→ **TASK GOAL**: Repeat the data that follows, word for word, without the images.
**** SUPPLIED DATA
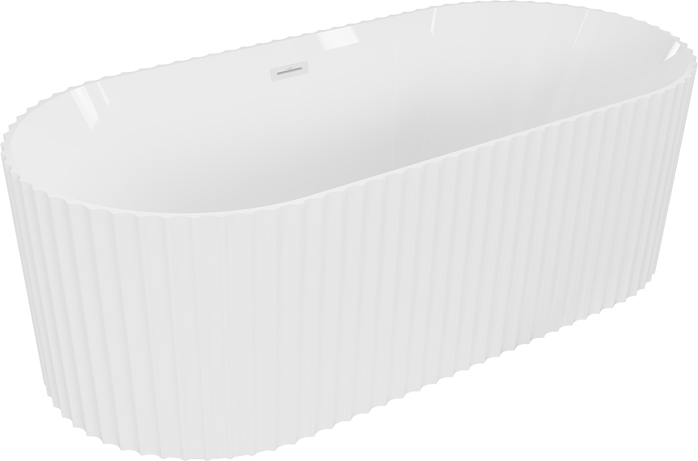 Mexen Paola brīvi stāvoša rievota vanna 150 x 75 cm, balts spīdums, balts pārplūdes - 52721507500-20
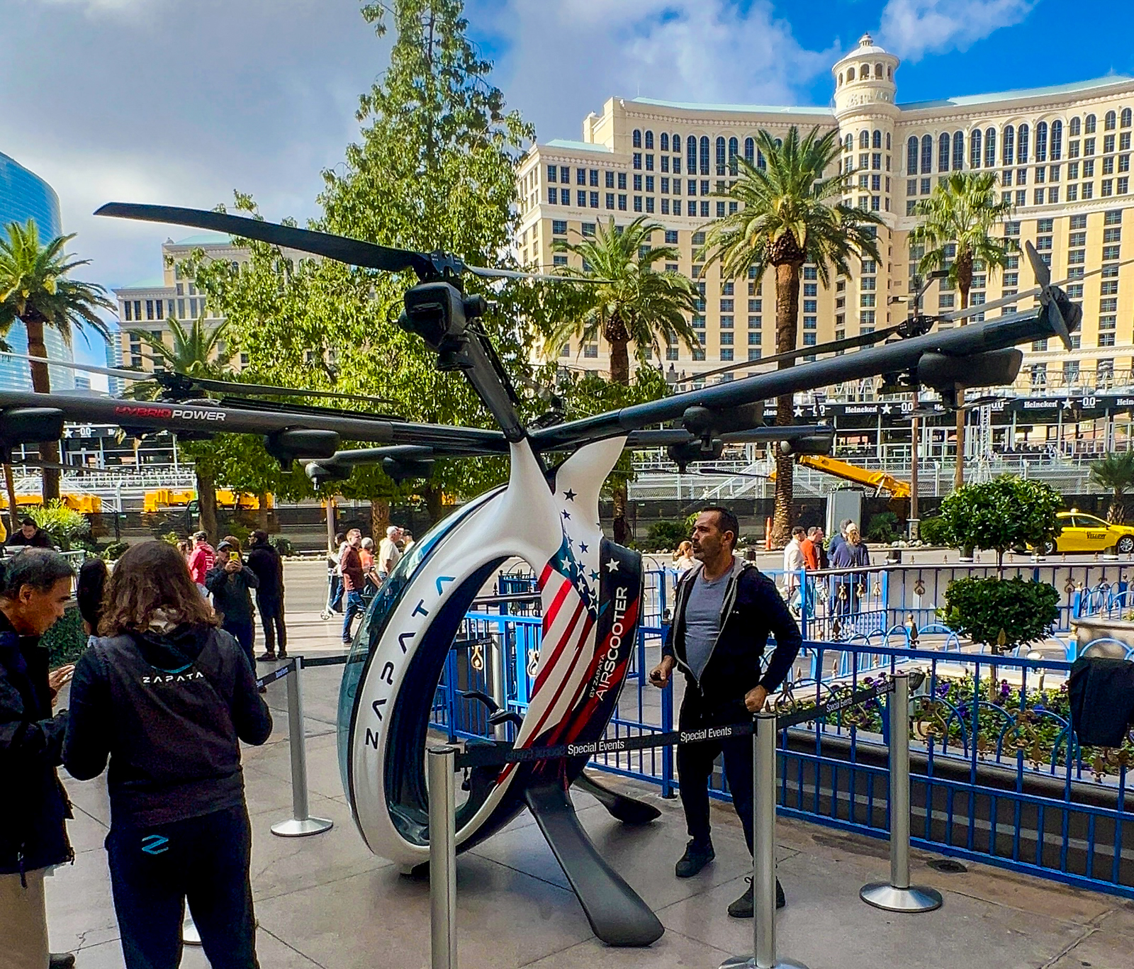 🛞 L’Airscooter de Franky Zapata est exposé devant l’hôtel casino Paris de Las Vegas.
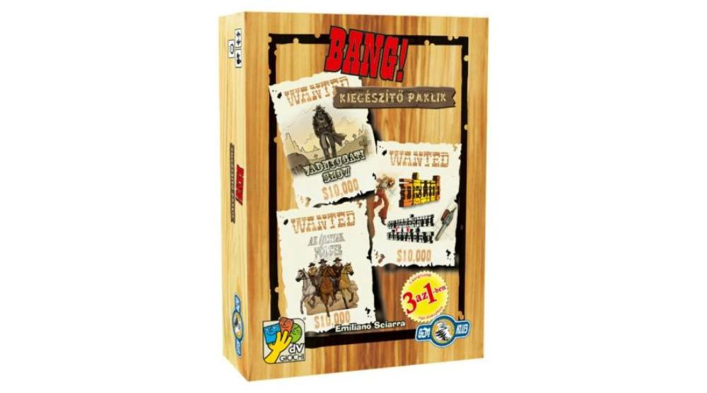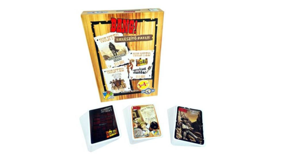 A Bang! kiegészítő paklik négy kihagyhatatlan kiegészítőt tartalmaznak egy dobozban, hogy még izgalmasabbá tegyék az eredeti Bang! társasjátékot. Az Árnyak völgye kiegészítőben a bátrak merészkedhetnek be az anomáliákkal teli árnyak völgyébe, ahol nem csak a csörgőkígyók és tornádók veszélyesek, hanem még az ellenségeid szellemei is ott kísértenek. A Vadnyugati showban pedig még több erős revolverhős és izgalmas párbajok várják a játékosokat.
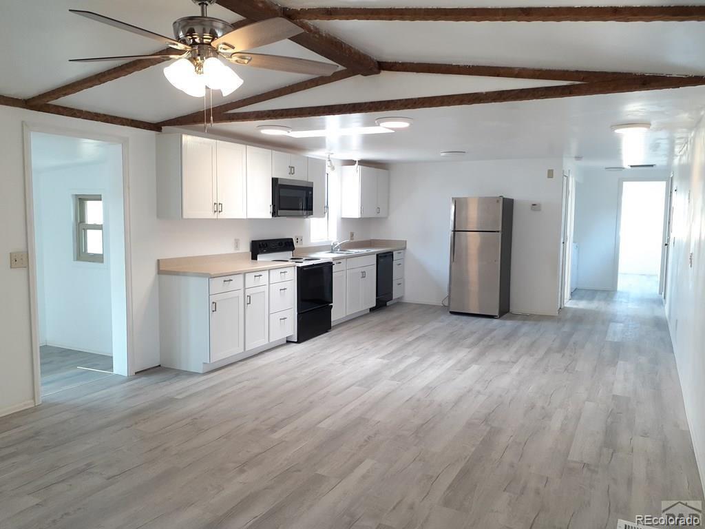 Warm, bright 2 bed/2 bath Colorado City home with brilliant mountain views! This recently renovated home has newer flooring, paint, appliances, kitchen cabinets and plumbing. Open the front door and you will be greeted with an expansive sun room with inner window opening into the living room. Living room and guest bathroom feature fun skylights that illuminate each room without using electricity. Large, sunny windows in both bedrooms are perfect for houseplant enthusiasts. Located at the end of a quiet cul-de-sac in a family-friendly neighborhood, this charming green home with red accents features hollyhocks in the fully fenced backyard with newly painted shed. Plenty of off-street parking and room for a future carport. This home has been a lucrative rental for over 10 years. Check out this great Colorado City home today!
********
→ **THE COMPLETED TASK**:
 Mexen Paola brīvi stāvoša rievota vanna 150 x 75 cm, balts spīdums, balts pārplūdes - 52721507500-20
 🛞 L’Airscooter de Franky Zapata est exposé devant l’hôtel casino Paris de Las Vegas.
 A Bang! kiegészítő paklik négy kihagyhatatlan kiegészítőt tartalmaznak egy dobozban, hogy még izgalmasabbá tegyék az eredeti Bang! társasjátékot. Az Árnyak völgye kiegészítőben a bátrak merészkedhetnek be az anomáliákkal teli árnyak völgyébe, ahol nem csak a csörgőkígyók és tornádók veszélyesek, hanem még az ellenségeid szellemei is ott kísértenek. A Vadnyugati showban pedig még több erős revolverhős és izgalmas párbajok várják a játékosokat.
 Warm, bright 2 bed/2 bath Colorado City home with brilliant mountain views! This recently renovated home has newer flooring, paint, appliances, kitchen cabinets and plumbing. Open the front door and you will be greeted with an expansive sun room with inner window opening into the living room. Living room and guest bathroom feature fun skylights that illuminate each room without using electricity. Large, sunny windows in both bedrooms are perfect for houseplant enthusiasts. Located at the end of a quiet cul-de-sac in a family-friendly neighborhood, this charming green home with red accents features hollyhocks in the fully fenced backyard with newly painted shed. Plenty of off-street parking and room for a future carport. This home has been a lucrative rental for over 10 years. Check out this great Colorado City home today!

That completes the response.